A list with the following elements:

dat_weights, a data frame with the optimal weights dat_weights$sbw_weights;

ind, an argument provided by the user;

out, an argument provided by the user;

bal, an argument provided by the user;

wei, an argument provided by the user;

sol, an argument provided by the user;

par, an argument provided by the user;

effective_sample_size, effective sample size/sizes for the weighted group/groups;

objective_value, value/values of the objective function/functions at the optimum;

status, status of the solution. If the optimal weights are found, status = optimal; otherwise, the solution may be not optimal or not exist, in which case an error will be returned with details specific to the solver used. For the solver "quadprog", the status code is missing, therefore, status = NA;

time, time elapsed to find the optimal solution;

shadow_price, dual variables or shadow prices of the covariate balance constraints;

balance_parameters, details of the balance parameters;

cstat, covariate balance statistic used in Wang and Zubizarreta (2020). A magnitude to be minimized to select the degree of approximate balance in bal$bal_gri.

Source

https://www.ibm.com/products/ilog-cplex-optimization-studio

https://www.gurobi.com/products/gurobi-optimizer/

https://www.mosek.com/products/mosek/

http://foges.github.io/pogs/stp/r

References

Chattopadhyay, A., Hase, C. H., and Zubizarreta, J. R. (2020), "Balancing Versus Modeling Approaches to Weighting in Practice," Statistics in Medicine, 39, 3227-3254.

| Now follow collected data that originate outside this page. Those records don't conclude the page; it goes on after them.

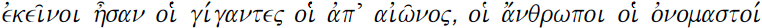 Estos fueron los héroes (lit.: los gibborim) de antiguo, hombres de nombre.
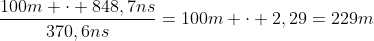 der Zug passiert die zweite Lichtschranke 370,6ns nach der Ersten und er braucht 848,7ns um an eine der beiden Lichtschranken vorbeizufahren. Setzt man die beiden Zeiten ins passende Verhältnis, bekommt man 2,29, was auch etwa dem Lorentz-Faktor für 0,9c entspricht. Die Reallänge des Zuges ist nun
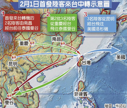 今年1月5日,國臺(tái)辦表示,為落實(shí)兩岸領(lǐng)導(dǎo)人會(huì)面成果,大陸有關(guān)方面擬試點(diǎn)開放大陸居民經(jīng)臺(tái)灣桃園機(jī)場(chǎng)的中轉(zhuǎn)業(yè)務(wù),南昌、昆明、重慶為首批試點(diǎn)城市。大陸居民在上述三城市可持護(hù)照及聯(lián)程機(jī)票和赴第三地的登機(jī)牌經(jīng)臺(tái)灣桃園機(jī)場(chǎng)進(jìn)行不出機(jī)場(chǎng)的中轉(zhuǎn)。
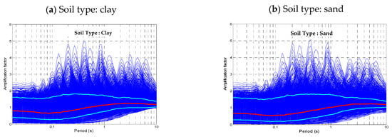 - The “initial variability” associated with the average AFs (Table 3) has a maximum value at low to intermediate periods (0.01 to 0.4 s), reaching up to 0.39 for clay and 0.47 for sand soil. It then gradually vanishes with the period’s increase, reaching a value of around 0.065 at T = 10 s.
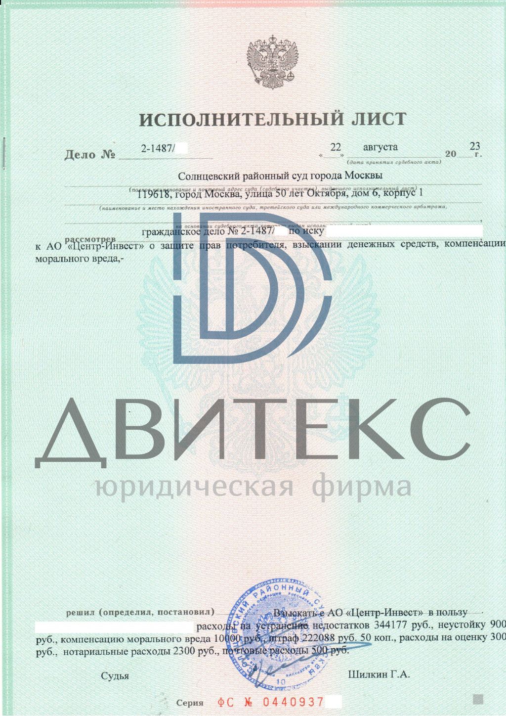 Юристы ООО Юридическая фирма "Двитекс" организовали проведение осмотра объекта строительно-техническим специалистом, получили заключение специалиста, подготовили необходимые документы и обратились в суд, представили интересы клиента в суде. Результатом рассмотрения дела явилось взыскание в пользу клиента стоимости выявленных строительных недостатков, компенсации морального вреда, штрафа, а также судебных расходов с застройщика АО "МОСКОВСКИЙ ГОРОДСКОЙ ЦЕНТР ПРОДАЖИ НЕДВИЖИМОСТИ" (ЖК "Фестиваль парк"). Всего взыскано 699 065,50 руб. Деньги поступили клиенту на счет от застройщика.
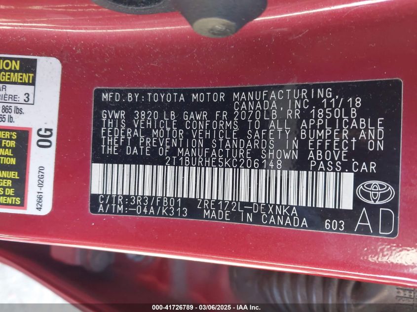 2019 TOYOTA COROLLA 2019 року Бензин, 1.8, Передний привод, vin - 2T1BURHE5KC****** из США
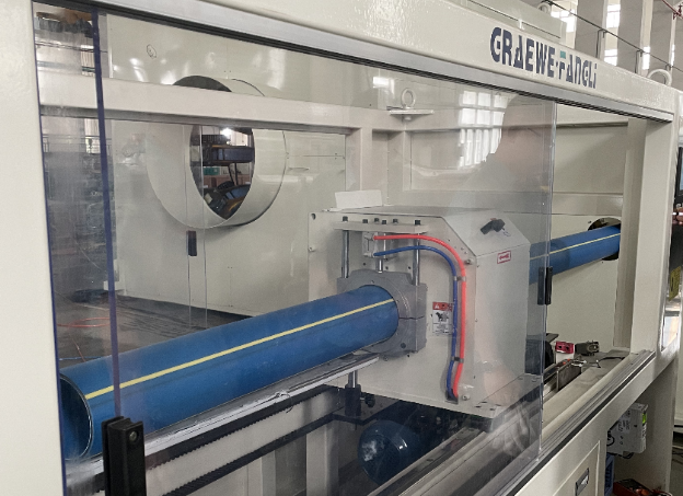 Четврто, цевката се влече од единицата за влечење на гасеницата и се испраќа во секачот каде што цевката е отсечена според претходно поставената должина; во исто време, прашината за сечење се отстранува со отстранувачот на прав.

Kang, J. D. Y., and Schafer, J. L. (2007), "Demystifying Double Robustness: A Comparison of Alternative Strategies for Estimating a Population Mean from Incomplete Data," Statistical Science, 22, 523-539.

Stuart, E. A. Matching methods for causal inference: a review and a look forward. Statistical Science 2010; 25(1): 1-21.

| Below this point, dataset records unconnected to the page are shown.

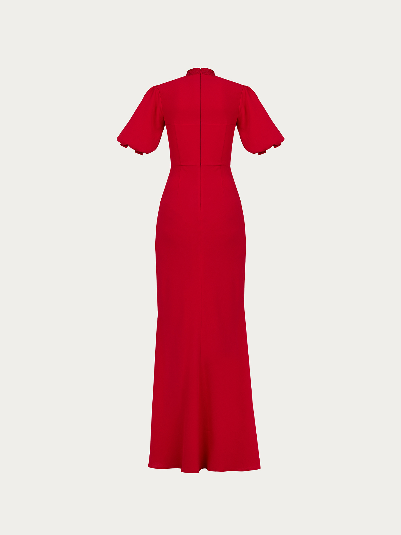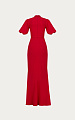 Платье макси из итальянского вискозного крепа в выразительном красном оттенке, с фигурным вырезом на груди и корсетным лифом. Лиф сконструирован по принципу корсажа: он имеет отрезные чашки из бельевого поролона и встроенную монокость, которая формирует скульптурный фигурный контур. Прилегание по переду и спинке достигается за счёт рельефов с регилином, удерживающим чёткую архитектуру лифа.
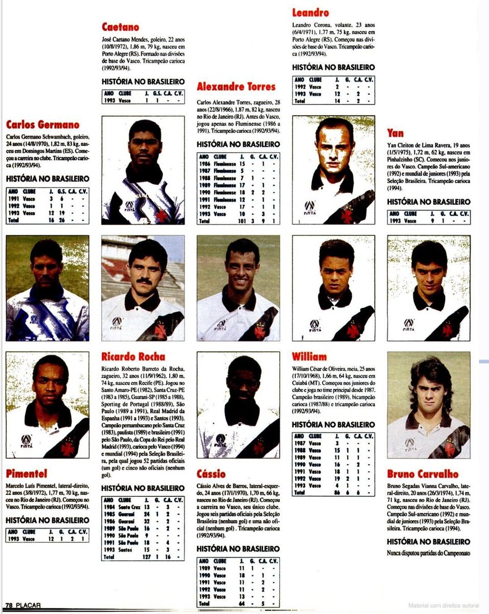 Elenco do Vasco para o Brasileirão de 1994, Revista Placar.
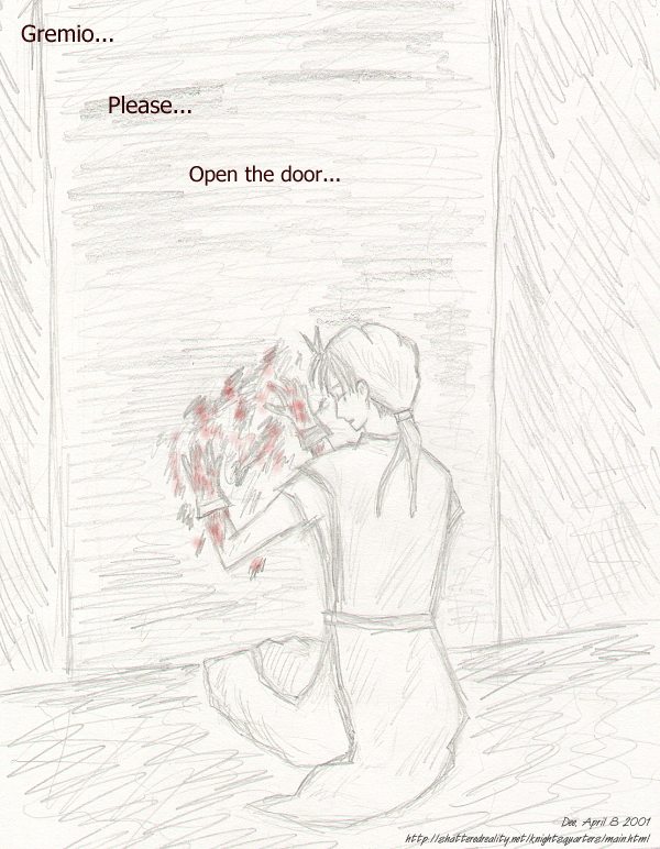 Poor Young Master. Gremio just won't open the door. Several flaws in the pic, but they are because 1) I've never drawn McDohl before 2) I suck at poses 3) I didn't have a model.
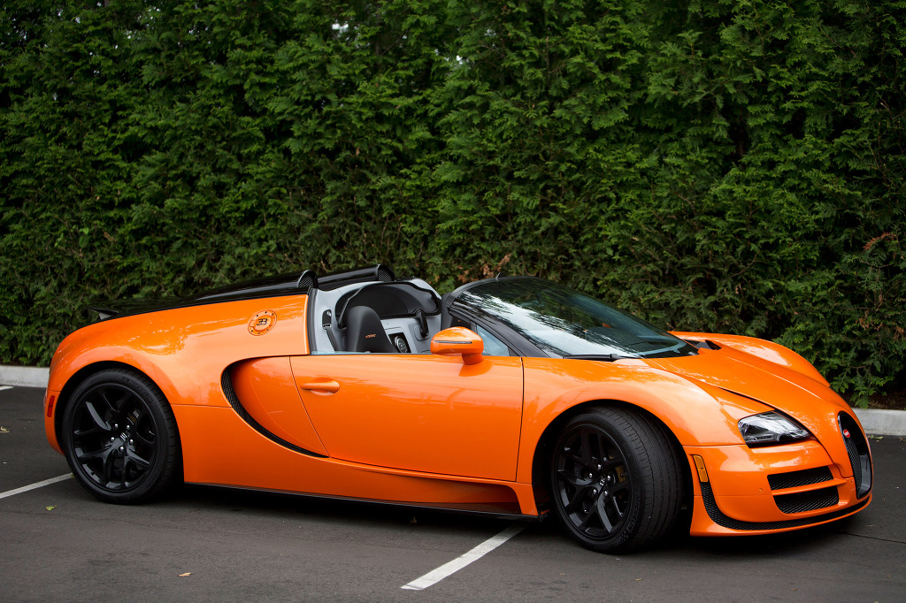 The Bugatti Veyron Grand Sport Vitesse is a version of the Bugatti Grand Sport that comes with a Super Sport (1,200-horsepower, W16-cylinder) engine. It goes 0 to 60 mph in 2.6 seconds, with a top speed of 233 mph. Price: $1.8 million (base).

Wang, Y., and Zubizarreta, J. R. (2020), "Minimal Dispersion Approximately Balancing Weights: Asymptotic Properties and Practical Considerations," Biometrika, 107, 93-105.

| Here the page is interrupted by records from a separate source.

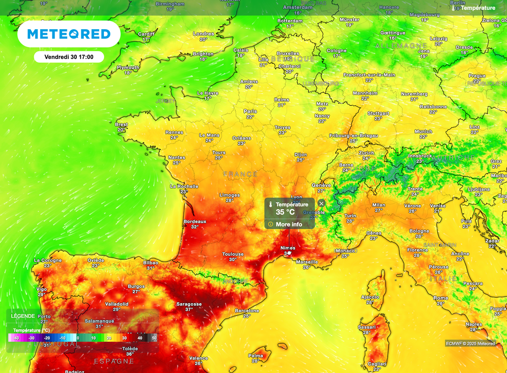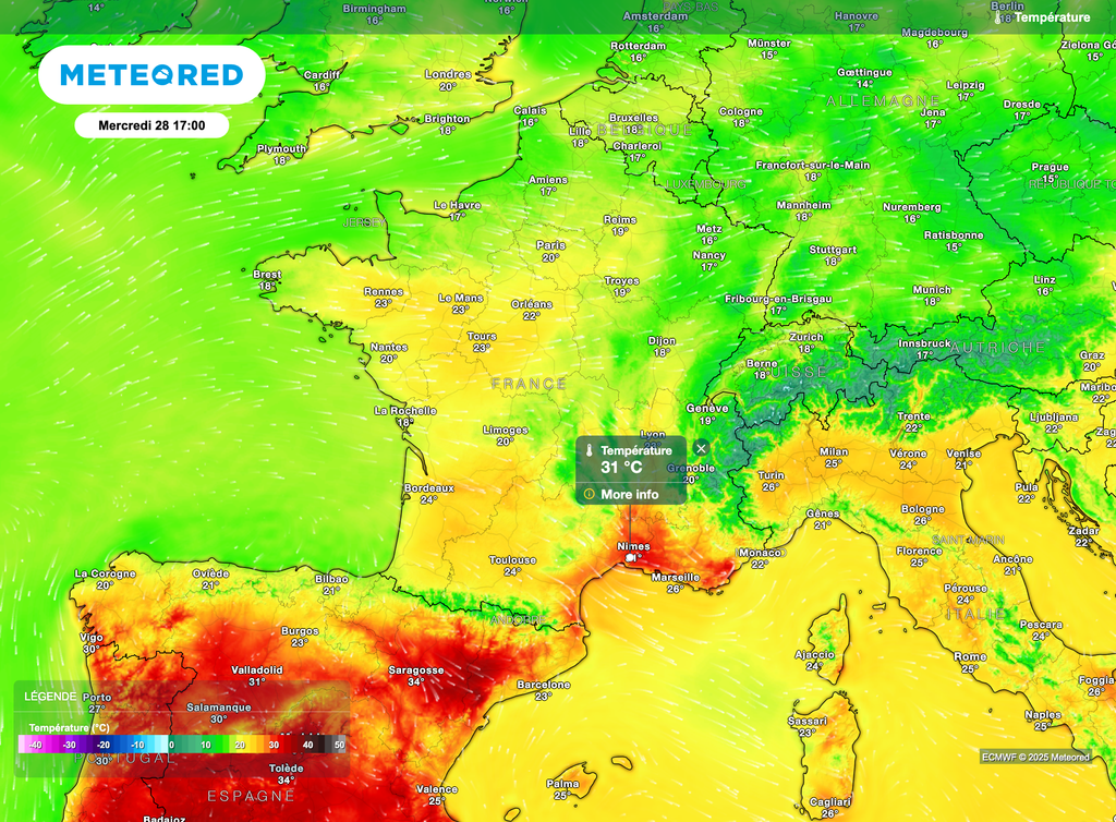 De fait, on pourra observer plus de 30°C sur Bordeaux et Toulouse. Dans les Landes, les 34°C sont envisageables. Le seuil de très fortes chaleurs (35°C) risque d'être atteint dans le Gard et plus largement sur les départements bordant la mer Méditerranée.
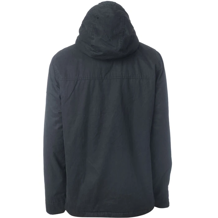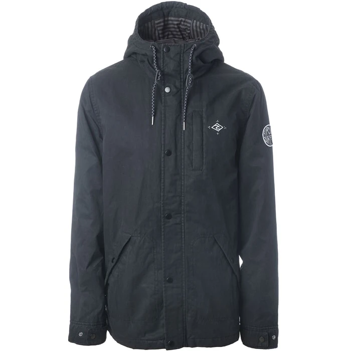 The luxurious and practical Guru jacket from Rip Curl. Cotton poly twill hooded jacket – with water repellent treatment – with brushed tricot linig – zipped chest pocket – front flap with snaps and chest print.
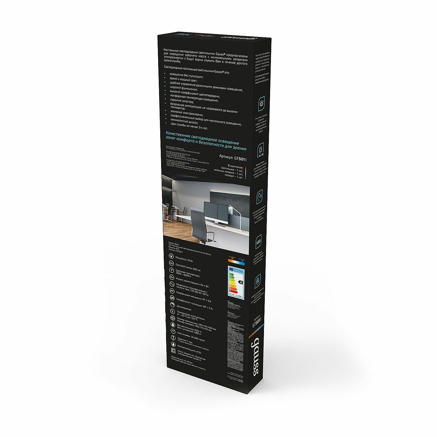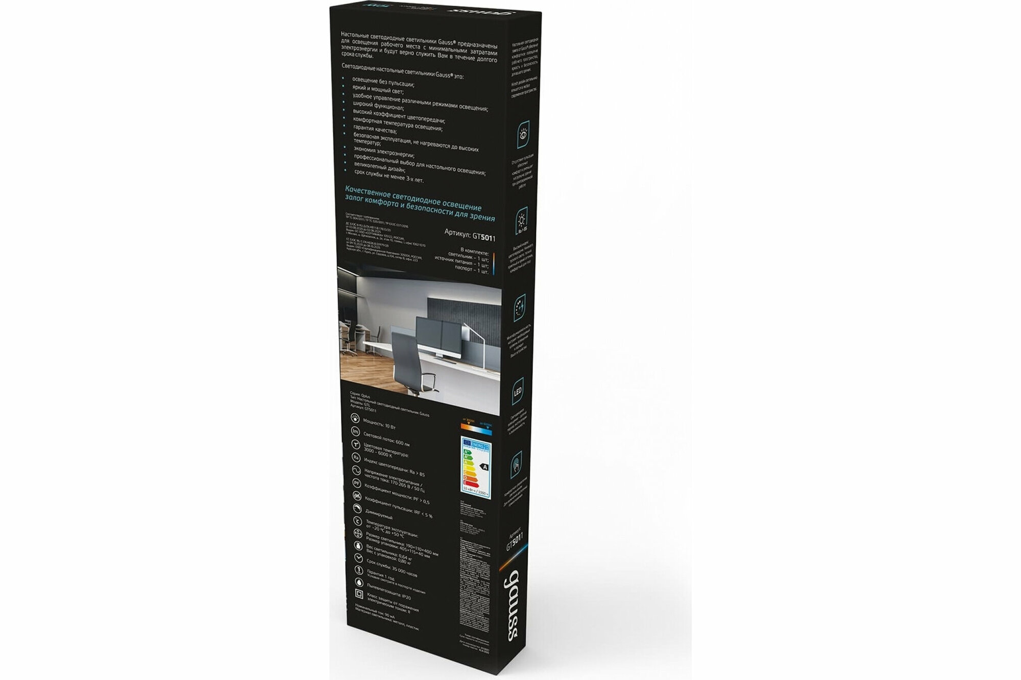 Лампа офисная светодиодная gauss GTL501, 10 Вт, черный

Zubizarreta, J. R. (2015), "Stable Weights that Balance Covariates for Estimation with Incomplete Outcome Data," Journal of the American Statistical Association, 110, 910-922.

Examples

# Simulate data
kangschafer = function(n_obs) {
 # Z are the true covariates
 # t is the indicator for the respondents (treated)
 # y is the outcome
 # X are the observed covariates
 # Returns Z, t y and X sorted in decreasing order by t
 Z = MASS::mvrnorm(n_obs, mu=rep(0, 4), Sigma=diag(4))
 p = 1/(1+exp(Z[, 1]-.5*Z[, 2]+.25*Z[, 3]+.1*Z[, 4]))
 t = rbinom(n_obs, 1, p)
 Zt = cbind(Z, p, t)
 Zt = Zt[order(t), ]
 Z = Zt[, 1:4]
 p = Zt[, 5]
 t = Zt[, 6]
 y = 210+27.4*Z[, 1]+13.7*Z[, 2]+13.7*Z[, 3]+13.7*Z[, 4]+rnorm(n_obs)
 X = cbind(exp(Z[, 1]/2), (Z[, 2]/(1+exp(Z[, 1])))+10, (Z[, 1]*Z[, 3]/
25+.6)^3, (Z[, 2]+Z[, 4]+20)^2)
 return(list(Z=Z, p=p, t=t, y=y, X=X))
}
set.seed(1234)
n_obs = 200
aux = kangschafer(n_obs)
Z = aux$Z
p = aux$p
t = aux$t
y = aux$y
X = aux$X

# Generate data frame
t_ind = t
bal_cov = X
data_frame = as.data.frame(cbind(t_ind, bal_cov, y))
names(data_frame) = c("t_ind", "X1", "X2", "X3", "X4", "Y")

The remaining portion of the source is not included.